In 2008 the total number of full-time equivalent jobs was 64. The number of jobs in the primary sector was 23, of which 17 were in agriculture and 6 were in forestry or lumber production. The number of jobs in the secondary sector was 22 of which 12 or (54.5%) were in manufacturing and 10 (45.5%) were in construction. The number of jobs in the tertiary sector was 19. In the tertiary sector; 7 or 36.8% were in wholesale or retail sales or the repair of motor vehicles, 2 or 10.5% were in a hotel or restaurant, 5 or 26.3% were technical professionals or scientists, 6 or 31.6% were in education.
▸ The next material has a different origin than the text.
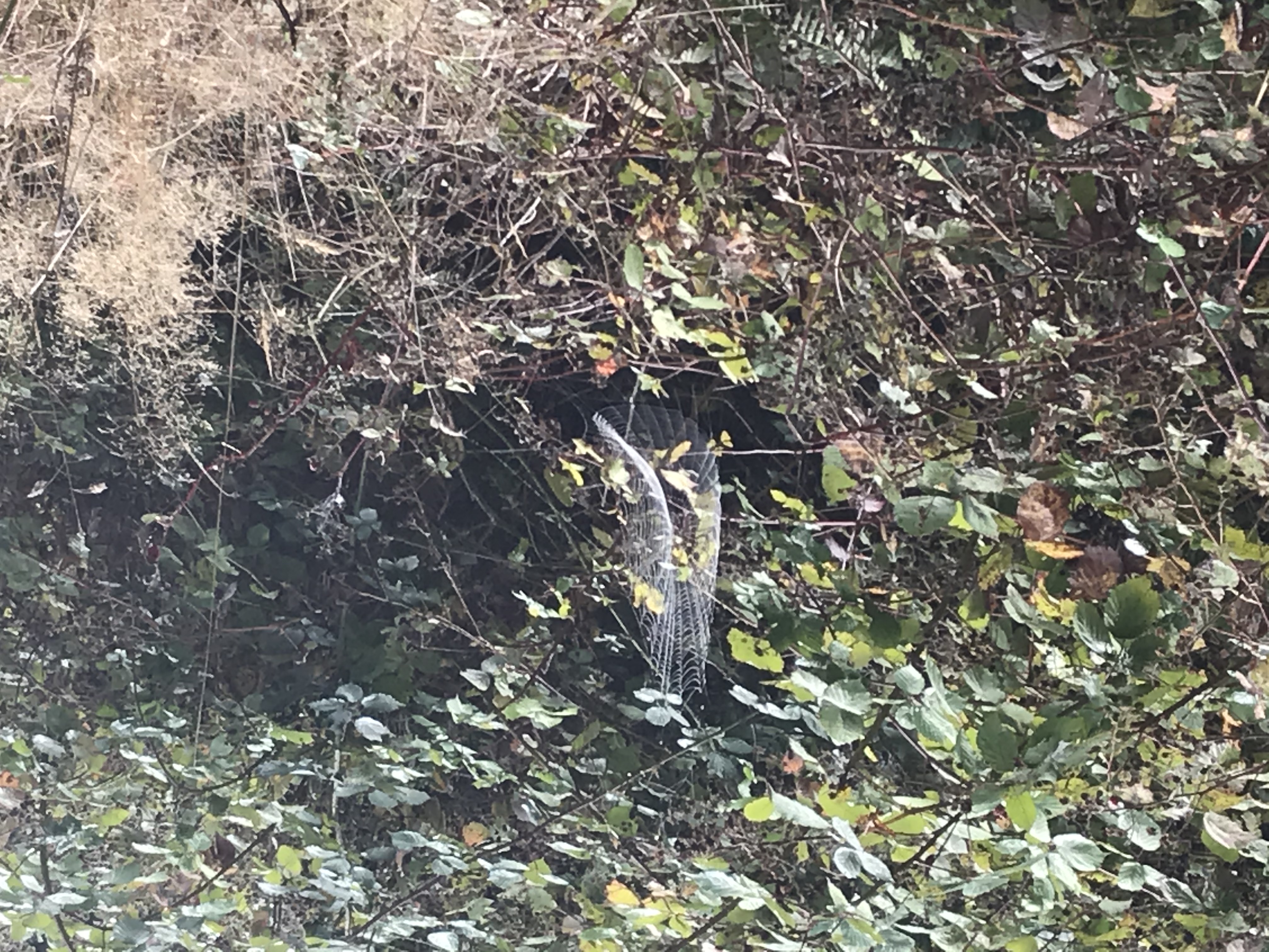 There was a narrow gravel trail shaded by trees that led down to the beach itself. The birds were still chirping as I wandered down that gravel trail, so I felt safe enough to go see the beach itself. There were also lots of blackberries growing alongside the trail. However, each patch of ripe blackberries that were within arms reach of me was guarded by a spider of some sort, most of which were those harmless Cross spiders. In fact, the bushes, trees, and even the ground everywhere I looked were blanketed in wispy spider webs, most of which had spiders living in them. It was very creepy, but nothing that really spooked me. If anything, I found it fascinating. Still, like the respectful (totally not cowardly) person I am, I didn’t disturb any of the webs, which sadly meant I couldn’t try any of the ripe wild blackberries those woods had to offer.

In 2000, there were 19 workers who commuted into the municipality and 71 workers who commuted away. The municipality is a net exporter of workers, with about 3.7 workers leaving the municipality for every one entering. Of the working population, 1.8% used public transportation to get to work, and 60.9% used a private car.

==Religion==
From the 2000 census, 33 or 17.1% were Roman Catholic, while 129 or 66.8% belonged to the Swiss Reformed Church. Of the rest of the population, there was 1 member of an Orthodox church, there was 1 individual who belongs to the Christian Catholic Church, and there was 1 individual who belongs to another Christian church. There was 1 individual who was Jewish, and there was 1 individual who was Islamic. 19 (or about 9.84% of the population) belonged to no church, are agnostic or atheist, and 7 individuals (or about 3.63% of the population) did not answer the question.

==Education==

In Sévery about 81 or (42.0%) of the population have completed non-mandatory upper secondary education, and 26 or (13.5%) have completed additional higher education (either university or a Fachhochschule). Of the 26 who completed tertiary schooling, 61.5% were Swiss men, 30.8% were Swiss women.

In the 2009/2010 school year there were a total of 36 students in the Sévery school district. In the Vaud cantonal school system, two years of non-obligatory pre-school are provided by the political districts. During the school year, the political district provided pre-school care for a total of 631 children of which 203 children (32.2%) received subsidized pre-school care. The canton's primary school program requires students to attend for four years. There were 14 students in the municipal primary school program. The obligatory lower secondary school program lasts for six years and there were 21 students in those schools. There was also 1 student who was home schooled or attended another non-traditional school.

As of 2000, there were 18 students in Sévery who came from another municipality, while 28 residents attended schools outside the municipality.